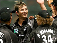 نیوزی لینڈ کی ٹیم کا آغاز اچھا نہ تھا اور اس کے دونوں اوپنر صرف سات کے مجموعی سکور پر پویلین لوٹ چکے تھے۔ تاہم آر ٹیلر نے پہلے کپتان سٹیفن فلیمنگ اور پھر فلٹن کے ساتھ مل کر اپنی ٹیم کو سہارا دیا۔ جب وہ بیاسی گیندوں پر چوراسی رن بنا کر آؤٹ ہوئے تو نیوزی لینڈ کا سکور چار وکٹ کے نقصان پر ایک سو اکسٹھ رن تھا۔ نیوزی لینڈ کے بقیہ کھلاڑ،ی کسی قابلِ ذکر کارکردگی کا مظاہرہ نہ کر سکے اور بقیہ چھ وکٹیں مجموعی سکور میں صرف تئیس رن کے اضافے کے بعدگرگئیں۔ آسٹریلیا کی جانب سے تمام بالروں نے عمدہ بالنگ کا مظاہرہ کیا اور جونسن کلارک اور سائمنڈز نے دو، دو جبکہ ہلفیناس، وائٹ اور بریکن نے ایک،ایک وکٹ حاصل کی۔ کامن ویلتھ بنک سیریز میں اب تک آسٹریلیا نے اپنے دونوں میچ جیتے ہیں جبکہ انگلینڈ اور نیوزی لینڈ کی ٹیمیں فی الحال فتح سے محروم ہیں۔ | اسی بارے میں سڈنی: آسٹریلیا نے انگلینڈ کو ہرا دیا09 January, 2007 | کھیل پہلے ون ڈے میں انگلینڈ کی شکست12 January, 2007 | کھیل | ||||||||||||||||||||||||||||||||||||||||
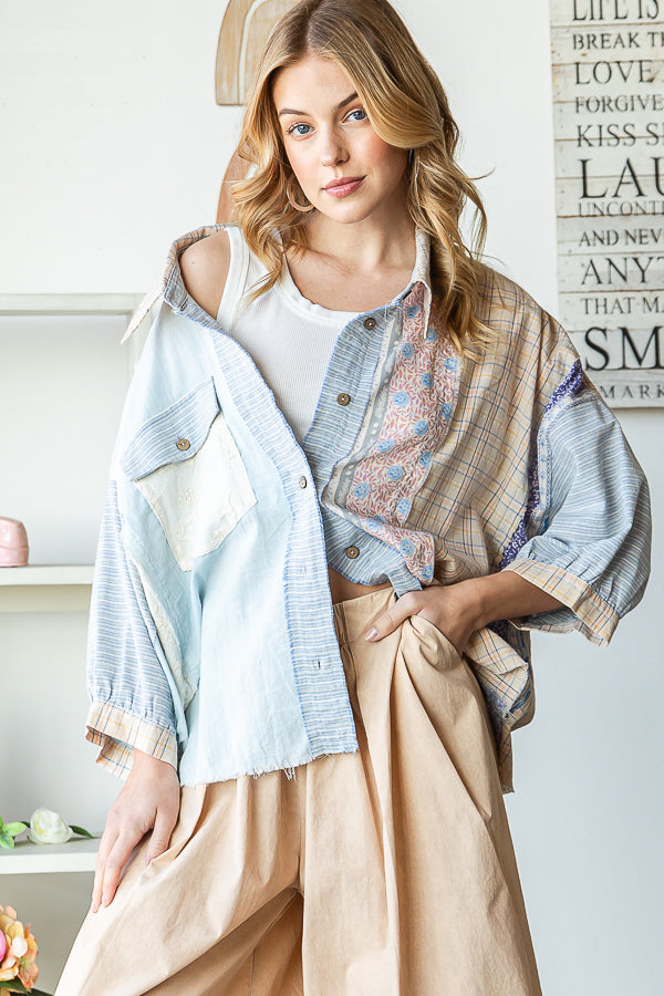 PATCHWORK BUTTON FRONT SHIRT- MINERAL WASH DETAIL- RELAXED FIT- TRUE TO SIZE- OUR MODEL IS ALWAYS WEARING SIZE "S"
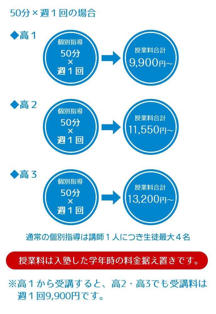 生徒それぞれの習熟度に応じたテキストを用い、学校授業を先取りする形で指導を進めます。必ず前回の復習から入り、知識の定着を確認した上で新しい内容を習得します。
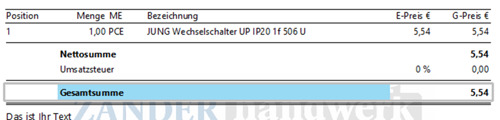 Nun wurde der Textbaustein unter der Gesamtsumme hinzugefügt:
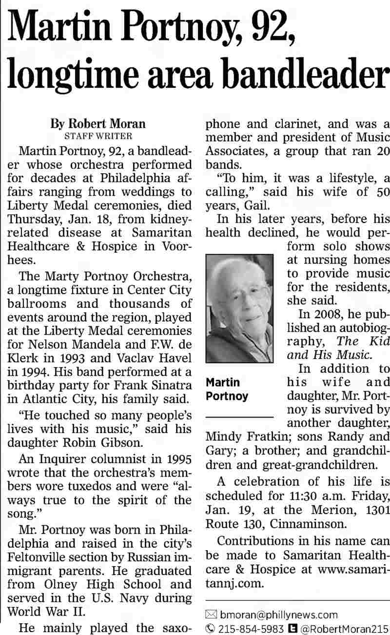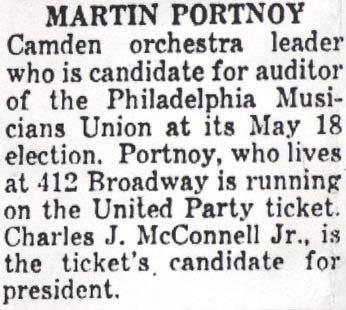 MARTIN PORTNOY was born on May 3, 1904. A professional musician, he was active in the Philadelphia Musicians Union. By May of 1950 he was leading his own band. the Marty Portnoy Orchestra, and was a living at 412 Broadway in Camden NJ. Besides music, he ran an electrical fixtures store out of the Broadway address in the 1950s. Martin Portnoy was still leading his orchestra in the Delaware Valley, 53 years later, in 2003. In his later years he performed solo at nursing homes. He passed away on January 17, 2018 at the age of 92.
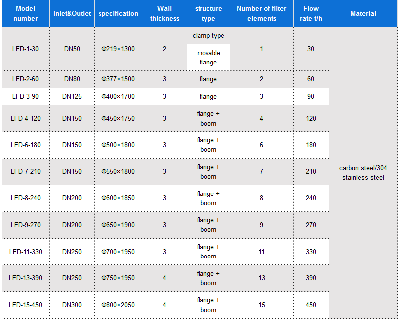 - Small filtration resistance, large flux, strong dirt interception capacity, long service life.
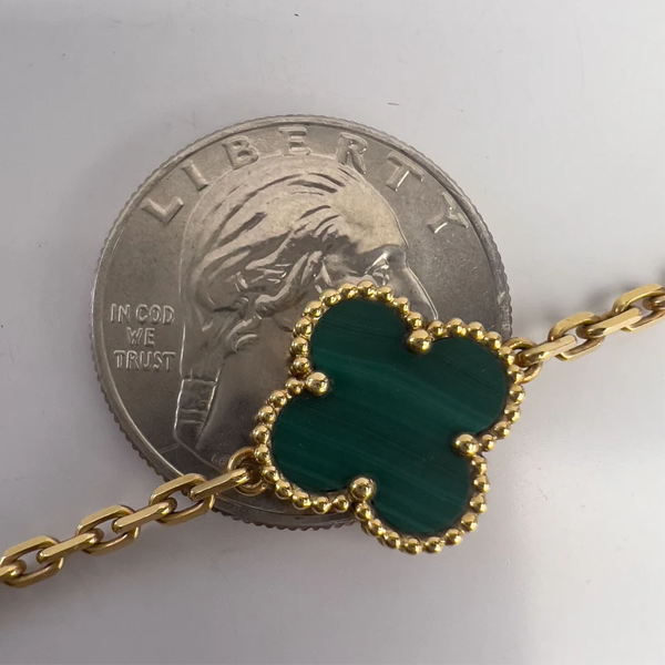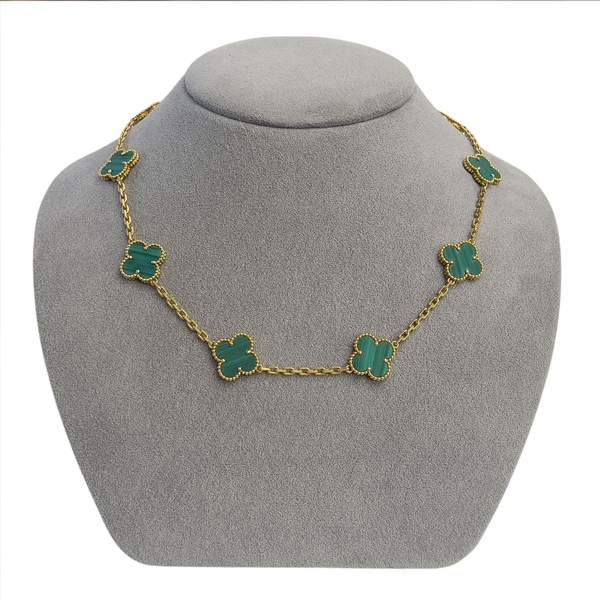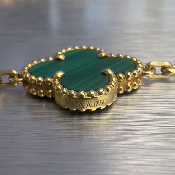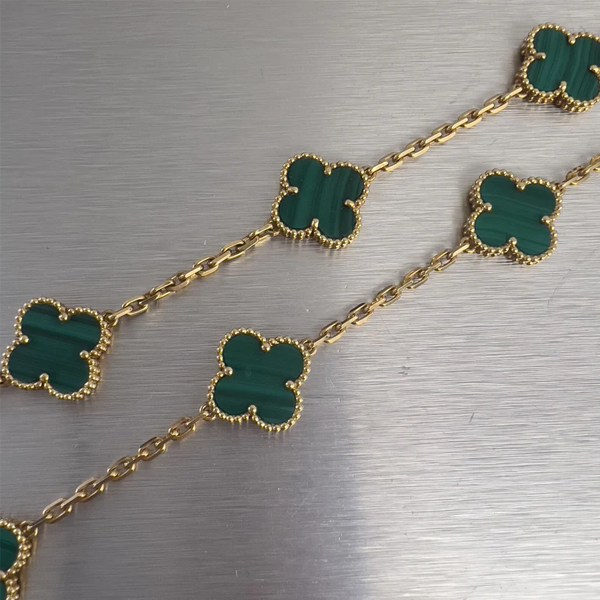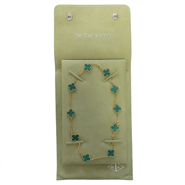 Van Cleef Arpels Malachite 10 Motif Vintage Alhambra 18k Gold Necklace 17" POUCH SKU: 500919

++++

### What the task requires
Only one thing is required here: an exact copy of the lines from the one bearing "MARTIN PORTNOY was born" through the final line above, both included, with pictures left out.

### Task result
 MARTIN PORTNOY was born on May 3, 1904. A professional musician, he was active in the Philadelphia Musicians Union. By May of 1950 he was leading his own band. the Marty Portnoy Orchestra, and was a living at 412 Broadway in Camden NJ. Besides music, he ran an electrical fixtures store out of the Broadway address in the 1950s. Martin Portnoy was still leading his orchestra in the Delaware Valley, 53 years later, in 2003. In his later years he performed solo at nursing homes. He passed away on January 17, 2018 at the age of 92.
 - Small filtration resistance, large flux, strong dirt interception capacity, long service life.
 Van Cleef Arpels Malachite 10 Motif Vintage Alhambra 18k Gold Necklace 17" POUCH SKU: 500919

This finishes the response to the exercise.